【釈正輪メルマガ1月8日号】日々是好日

【聞く耳を持たない私たち】

小寒の候。
正月の初子(ね)の日には、まだ冬枯れの野に出て若葉を摘み、小松を引いて長寿を願います。これが平安女性たちの新年恒例のお楽しみだったとか。旧暦のお正月ですから、新暦でいえば一月末から二月初旬頃です。

冬の間、屋内に閉じこもりがちだった姫君たちは、この日を待ち兼ねて、新春の空気にふれ、野遊びに興じたもので、『源氏物語「初音」の巻や「若葉上」の巻』などにも描かれています。これが子の日の行事。この日に摘んだ芹(せり)や薺(なずな)などの七種の若葉で、七草粥も作られたことでしょう。

合掌

嵯峨へ行き 御室へ戻り 若葉かな

正岡子規

今年も多くの檀信徒さんが年始の挨拶に来られました。毎年必ず年頭の挨拶に来られる律儀な年配の檀家ご夫妻や、久しぶりに顔を見せてくた若い信者夫婦等、さまざまな檀信徒さんが来られました。日頃は他僧に寺院を任せ、寺を空けている住職の私ですが、有り難いことに、多くの方々が挨拶に来られます。

さてそのような中、凡そ二十年ぶりに私を訪ねて来た中年夫妻がいました。男性は詐欺犯罪で三年間服役をしていたと言います。その昔、私にも幾度となく怪しい話を持ちかけては、私の一喝でたじろぎ、懇々と説教をしたのですが、その甲斐もなく、そのような状況になったと言います。

またその男性の妻も妻で、勝手な言い訳ばかりをします。今回も挨拶とは名ばかりで、仕事先の紹介を貰いにきたのです。実に人間とは都合のいいいきものです。世の中には話を聞くだけでは理解できない、受け入れられないことが多くあります。そんな時は、体験をもって確かめるしか方法はありません。お釈迦さまは実に上手く方便をなされます。このお話は以前にも紹介した実話です。
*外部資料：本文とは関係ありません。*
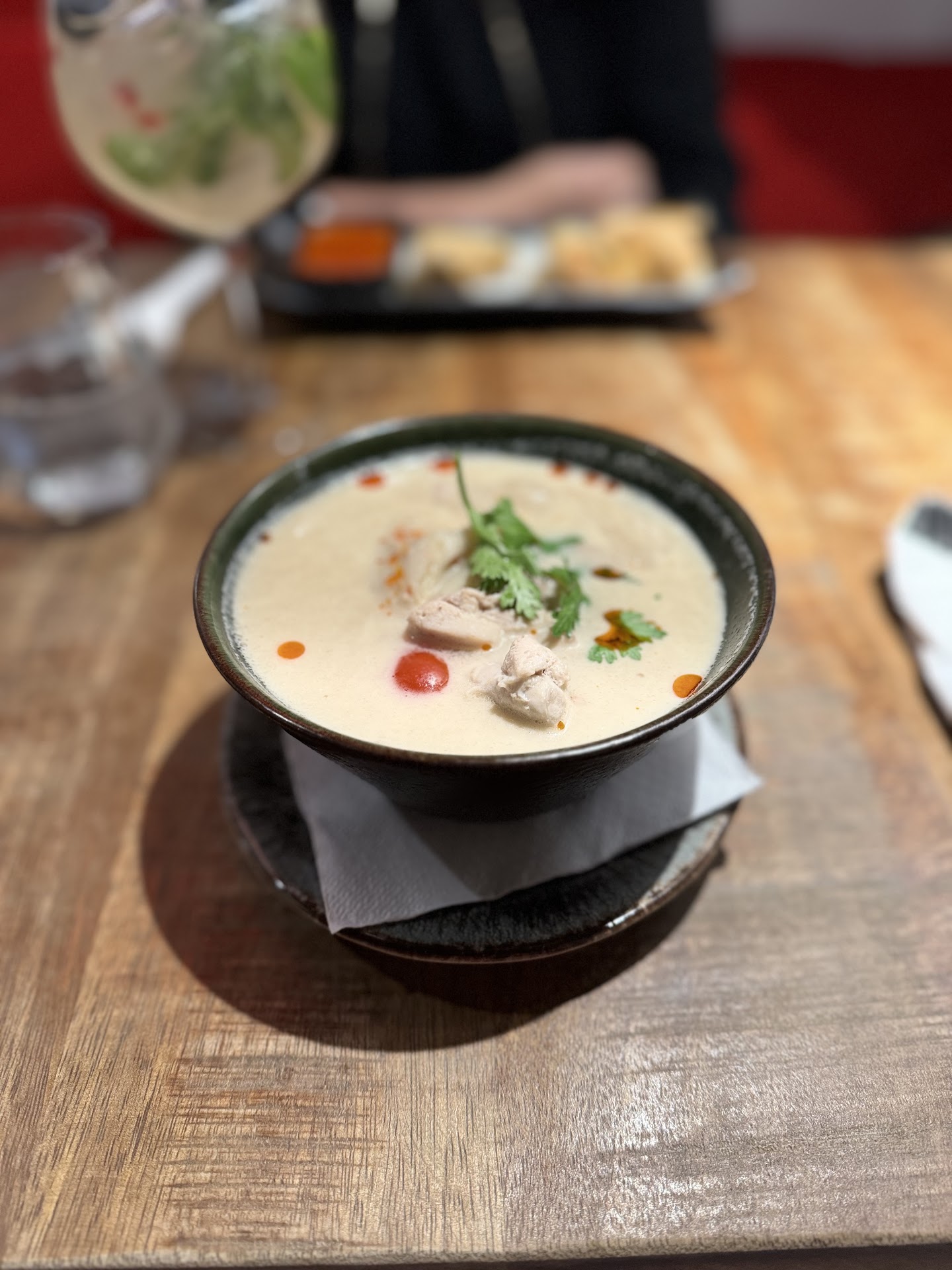 We passed the restaurant twice yesterday and it looked really nice so we planned go to eat there for dinner. Reservation was easy through their website. Arriving the first thing we liked was that, unlike most other restaurants in the vicinity Tom Yum had great music and it was not to loud👌🏻 You were able to have a conversation without yelling at each other☺️ We ordered some starters and were already amazed on how fast the kitchen was working. The Tom Kha Soup and the spring rolls were amazing and brought back memories from my visit in Bangkok. The Drunken Noodles were insanely good. I love spicy food but there is good spicyness and bad spicyness. This one was great!!!🥵😤🥰 For dessert we had mango sticky rice. Also great. (The only proposal I would give would be to change the way you serve the mango. The bits were too big to scoop up together with the rice just using the teaspoon. Maybe mango slices instead of cubes and serve with a small fork?) The employees were super friendly and I heard from other tables that spicyness is optional (most of the dishes have a lot of chillies as a sign of spicyness🌶️🌶️🌶️). Observing the staff showed that they seem to have fun working there 😜. Our waiter was literally never standing still. From sorting the menus and bringing them in order to having a look around the restaurant if everything is fine. This takes a certain talent and they certainly have it.🤩 Also with a big glass window to the kitchen we were able to see how tidy and clean it was even with the restaurant being almost fully seated. ✨And the cooks still had time to have a laugh with each other.
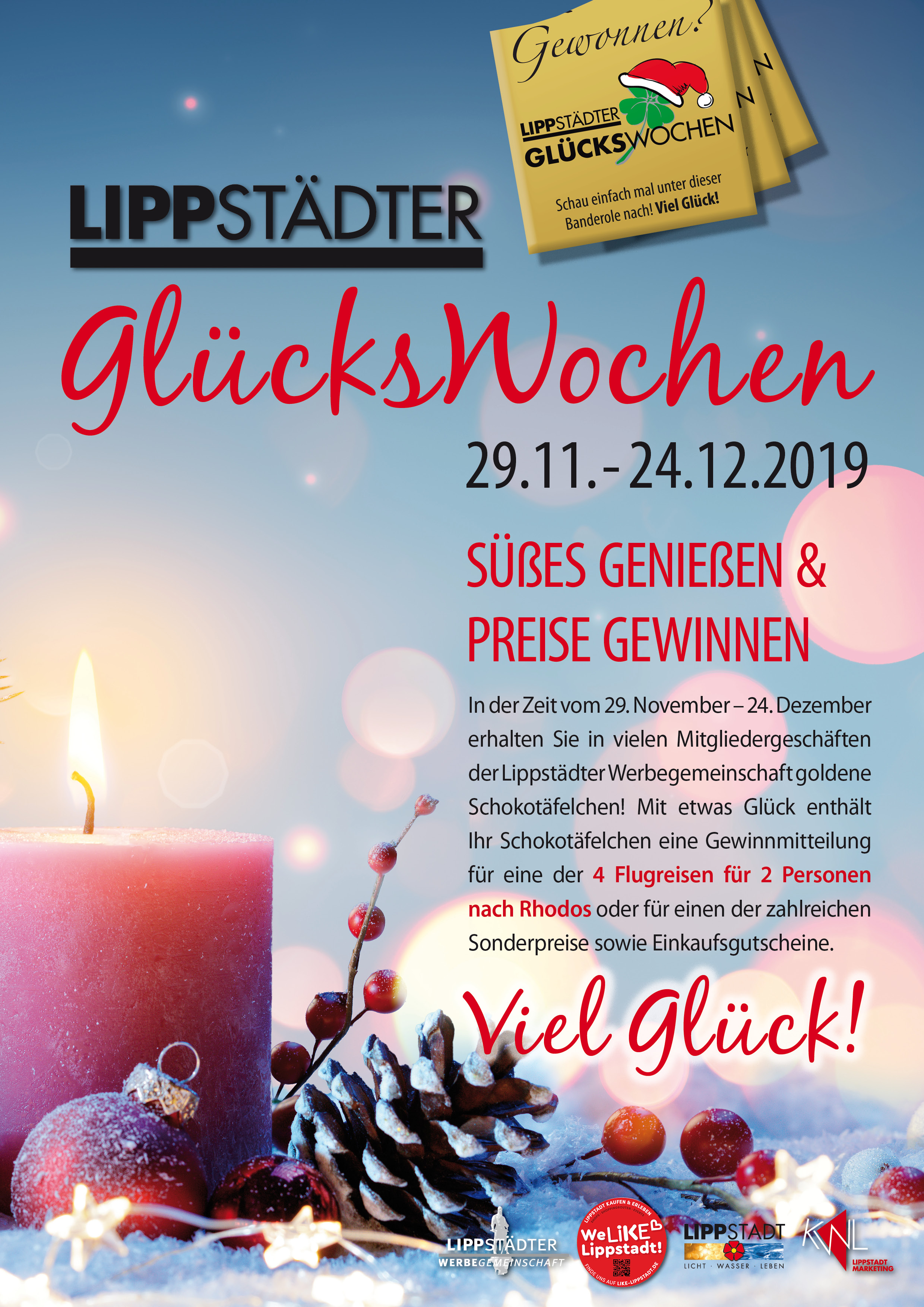 In der Zeit vom 29. November – 24. Dezember erhalten Sie in vielen Mitgliedergeschäften der Lippstädter Werbegemeinschaft goldene Schokotäfelchen! Mit etwas Glück enthält Ihr Schokotäfelchen eine Gewinnmitteilung für eine der 4 Flugreisen für 2 Personen nach Rhodos oder für einen der zahlreichen Sonderpreise sowie Einkaufsgutscheine.
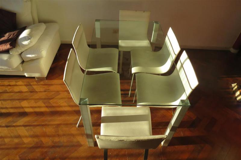 Comodidades: Cuenta con dos dormitorios uno con dos camas individuales y el otro con una cama individual y escritorio, Living comedor con sillon de dos cuerpos, mesa con cuatro sillas, Tv Smart. Aire acondicionado. Cocina integrada con heladera con freezer, cocina con horno, microondas, tostadora, vajilla y varios utensilios de cocina. Lavarropas. Bano completo con banadera y bidet. Balcon
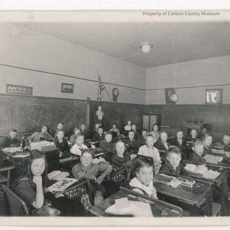 Update - March 2010: Black & white print. Image is of a school class showing the children seated at their wooden desks & looking back over their right shoulder at the camera. A woman wearing a dark dress with a lace collar is standing at far side left by a blackboard which encircles the lower walls around the visible portion of the room. A globe is suspended from the ceiling in distance. A tiny white number 457 is at side right corner from negative process. Many of the children have books & Big Jo writing tables on their desks.

キサーゴータミーという女性が男の子を生みましたが、突然の病で急死してしまいました。彼女は狂わんばかりに、愛児の亡骸を抱き締め、この子を生き返らせる人はないかと村中を尋ね回りました。会う人見る人その哀れさに涙を誘うも、死者を生き返らせる人などあろうはずがありません。

だが今の彼女には、何を言っても聞く耳を持たないと思ったある人が、「舎衞城にましますお釈迦さまに聞かれるがよい」と諭しました。早速、ゴータミーはお釈迦さまを訪ね、泣く泣く事情を訴えて、わが子の蘇生を懇願したのです。哀れむべきこの母親に、お釈迦さまは優しく、こう告げられました。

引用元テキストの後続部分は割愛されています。